Despite the way it looks, I am still alive. I did leave the building for a little while, managed a vacation on a beachy island complete with hammocks, lounge chairs, sea food and a knitting store. And living on the edge as I sometimes do, I not only left Blue* home, I didn't even lay so much as a finger on the ibook that vainly attempted to lure me into its clutches. The funny thing about unplugging that I really didn't expect is that I liked it. Time slowed down (instead of disappearing altogether). I could hear myself breathing. I napped.
I am back now. Have pics and pixels to share. Coming soon...

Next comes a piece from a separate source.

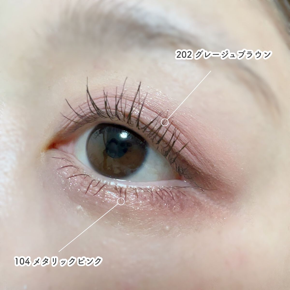 - <101 メタリックブロンズ> 水、(アクリレーツ/アクリル酸エチルヘキシル)コポリマー、BG、ミツロウ、カルナウバロウ、ステアリン酸、シリカ、TEA、PVP、ジフェニルシロキシフェニルトリメチコン、ステアリン酸ソルビタン、パルミチン酸、ワセリン、(HDI/トリメチロールヘキシルラクトン)クロスポリマー、ジメチコン、ポリソルベート60、ミリスチン酸、ラウレス-21、フェノキシエタノール、エチルヘキシルグリセリン、メチルパラベン、ヒドロキシエチルセルロース、トコフェロール、パンテノール、グリセリン、加水分解コラーゲン、PCA-Na、乳酸Na、ヒアルロン酸Na、リンゴ果実培養細胞エキス、アルギニン、アスパラギン酸、PCA、ローズマリー葉エキス、ビワ葉エキス、マグワ根皮エキス、グリシン、アラニン、キサンタンガム、センチフォリアバラ花エキス、ブドウ葉エキス、加水分解コンキオリン、セリン、ノイバラ果実エキス、バリン、イソロイシン、トレオニン、プロリン、ヒスチジン、フェニルアラニン、レシチン、ユズ果実エキス、ビオチノイルトリペプチド-1、酸化鉄、Al、マイカ、タルク <102 メタリックゴールド> 水、(アクリレーツ/アクリル酸エチルヘキシル)コポリマー、BG、ミツロウ、カルナウバロウ、ステアリン酸、シリカ、TEA、PVP、ジフェニルシロキシフェニルトリメチコン、ステアリン酸ソルビタン、パルミチン酸、ワセリン、(HDI/トリメチロールヘキシルラクトン)クロスポリマー、ジメチコン、ポリソルベート60、ミリスチン酸、ラウレス-21、フェノキシエタノール、エチルヘキシルグリセリン、メチルパラベン、ヒドロキシエチルセルロース、トコフェロール、パンテノール、グリセリン、加水分解コラーゲン、PCA-Na、乳酸Na、ヒアルロン酸Na、リンゴ果実培養細胞エキス、アルギニン、アスパラギン酸、PCA、ローズマリー葉エキス、ビワ葉エキス、マグワ根皮エキス、グリシン、アラニン、キサンタンガム、センチフォリアバラ花エキス、ブドウ葉エキス、加水分解コンキオリン、セリン、ノイバラ果実エキス、バリン、イソロイシン、トレオニン、プロリン、ヒスチジン、フェニルアラニン、レシチン、ユズ果実エキス、ビオチノイルトリペプチド-1、Al、マイカ、酸化鉄、タルク、酸化チタン <103 メタリックエメラルド> 水、(アクリレーツ/アクリル酸エチルヘキシル)コポリマー、BG、ミツロウ、カルナウバロウ、ステアリン酸、シリカ、TEA、PVP、ジフェニルシロキシフェニルトリメチコン、ステアリン酸ソルビタン、パルミチン酸、ワセリン、(HDI/トリメチロールヘキシルラクトン)クロスポリマー、ジメチコン、ポリソルベート60、ミリスチン酸、ラウレス-21、フェノキシエタノール、エチルヘキシルグリセリン、メチルパラベン、ヒドロキシエチルセルロース、トコフェロール、パンテノール、グリセリン、加水分解コラーゲン、PCA-Na、乳酸Na、ヒアルロン酸Na、リンゴ果実培養細胞エキス、アルギニン、アスパラギン酸、PCA、ローズマリー葉エキス、ビワ葉エキス、マグワ根皮エキス、グリシン、アラニン、キサンタンガム、センチフォリアバラ花エキス、ブドウ葉エキス、加水分解コンキオリン、セリン、ノイバラ果実エキス、バリン、イソロイシン、トレオニン、プロリン、ヒスチジン、フェニルアラニン、レシチン、ユズ果実エキス、ビオチノイルトリペプチド-1、Al、水酸化クロム、銀、グンジョウ、マイカ、タルク、酸化鉄、酸化スズ <104 メタリックピンク> 水、(アクリレーツ/アクリル酸エチルヘキシル)コポリマー、BG、ミツロウ、カルナウバロウ、ステアリン酸、TEA、PVP、ジフェニルシロキシフェニルトリメチコン、ステアリン酸ソルビタン、パルミチン酸、ワセリン、(HDI/トリメチロールヘキシルラクトン)クロスポリマー、ジメチコン、ポリソルベート60、ミリスチン酸、ラウレス-21、フェノキシエタノール、エチルヘキシルグリセリン、メチルパラベン、ヒドロキシエチルセルロース、トコフェロール、パンテノール、グリセリン、加水分解コラーゲン、PCA-Na、乳酸Na、ヒアルロン酸Na、リンゴ果実培養細胞エキス、アルギニン、アスパラギン酸、PCA、ローズマリー葉エキス、ビワ葉エキス、マグワ根皮エキス、グリシン、アラニン、キサンタンガム、センチフォリアバラ花エキス、ブドウ葉エキス、加水分解コンキオリン、セリン、ノイバラ果実エキス、バリン、イソロイシン、トレオニン、プロリン、ヒスチジン、フェニルアラニン、レシチン、ユズ果実エキス、ビオチノイルトリペプチド-1、合成フルオロフロゴパイト、シリカ、マイカ、タルク、酸化鉄、酸化チタン、AI、銀、水酸化AI、グンジョウ、赤226、酸化スズ <201 ブルージュブラック> 水、(アクリレーツ/アクリル酸エチルヘキシル)コポリマー、BG、ミツロウ、カルナウバロウ、ステアリン酸、TEA、PVP、ジフェニルシロキシフェニルトリメチコン、ステアリン酸ソルビタン、パルミチン酸、ワセリン、(HDI/トリメチロールヘキ

*Blue is my Toshiba Satellite.

Jennifer @ 9:42 AM link

Friday, August 01, 2003
Making an Impact

Yesterday, after renegotiating a particularly high maintenance relationship over the telephone, I slipped into a bout of extreme multi tasking. Driving my car, thinking too much, planning ahead, and day dreaming all at the same time, my car bought my attention swiftly to the present. I was sitting at the stop sign, I swear. Foot on the break, really, I totally mean it. Then next thing I know, BOOM! I thought the big DodgeFordChevy pick up backed into me. Really. We were at the stop sign. It took me a minute to connect the sound with a reality. I saw the guy in front of me get out of his truck. I looked at my front bumper and all I could see is a perfectly square indentation dead center on the plastic trim of my car’s bumper. I didn’t understand. Then I looked at the back of the truck. There was a huge trailer hitch under his bumper with the square beam-like end exposed. If his truck were one inch higher, the hood of my car would have suffered a horrible scrape. If it had been one inch lower, my car’s grille would have been shattered. Them man in the truck, Scott, began by looking under his truck to see if the hitch was bent. I’m thinking, “you’ve got to be kidding?” My plastic car bending his monster truck??? Scott returned to his human form and softened a bit. He mentioned that he had a friend who is a welder that could look at the hitch and straighten it if it needed it. But here is the strangest part, I drove away into the rest of my evening completely grateful. Here’s why:

I’m grateful that no one got hurt.
I’m grateful that none of my airbags deployed.
I’m grateful that the only damage was to a plastic part of my car.
I’m grateful that the damage was a perfectly square imprint, dead center on the front bumper trim (which, incidentally, will be completely hidden if I ever manage to put my front license plate on the car).
I’m grateful that Scott let go of his fear a little bit and didn’t get out of control.

I’m not sure what all of this gratitude for a car accident gone well says about me. Probably the same thing that my recent habit of knitting dish cloths does.